= Nacho Barahona =

Spanish film editor

Nacho Barahona (born in Madrid - 1970) is a Spanish film editor with over 225 TV series episodes, 14 short films, numerous advertisements and 3 documentaries to his credit, as well as 8 nominations and awards in film-making.

==Biography==
Barahona received a bachelor's degree in software engineering, at Madrid's Polytechnic University. He went to work as computer programmer and systems analyst in videogames, telecommunications and banking for large companies.

Attracted by the huge development of graphical applications and CAD, a career change resulted in training first as an advertisement graphic designer and graphic designer for multi-media platforms, interactive sites and virtual simulators, working with various Spanish universities.

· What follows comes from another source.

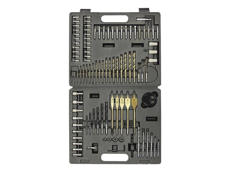 10 nástrčných klíčů, chrom-vanadiová ocel se šestihrannou stopkou: (5, 5,5, 6, 7, 8, 9, 10, 11, 12, 13mm) 19 vrtáků HSS, s titanovou vrstvou: 1/1,5/2/2,5/2x 3/3,2/3,5/2x 4/4,5/2x 5/5,5/6/6,5/7/7,5/8mm 5 plochých vrtáků do dřeva, s titanovou vrstvou se šestihrannou stopkou: 10/12/16/20/22mm 6 vrtáků do dřeva 3/4/5/6/7mm 1 záhlubník 4 hloubkové dorazy Klíč s vnitřním šestihranem 2,5 mm 6 vrtáků do kamene, osazené tvrdokovem: 3/4/5/6/7/8mm Adaptér pro děrování s centrálním vrtákem 4 děrovky 32/38/44/54mm 3 vrtáky HSS se šestihrannou rychloupínací hlavičkou, s titanovou vrstvou: 2/3/4mm 3 pomůcky na šrouby pro dlouhé bity

In 1996, Barahona learned more about using Avid as a non-linear editing tool, and redirected his professional career towards editing in the world of advertising, collaborating with production companies such as 'Molinare', 'Dalton's Digital Brothers', 'Videospot', 'Full Fiction', 'Escosura', 'Videoreport', 'Propaganda Moviebox', 'Viva Video', 'Alaska Producciones', 'Genlock videoproducciones', 'Exa', '101', 'Telson', 'Resonancia Madrid', 'Com 4 hd' or 'Iconica'.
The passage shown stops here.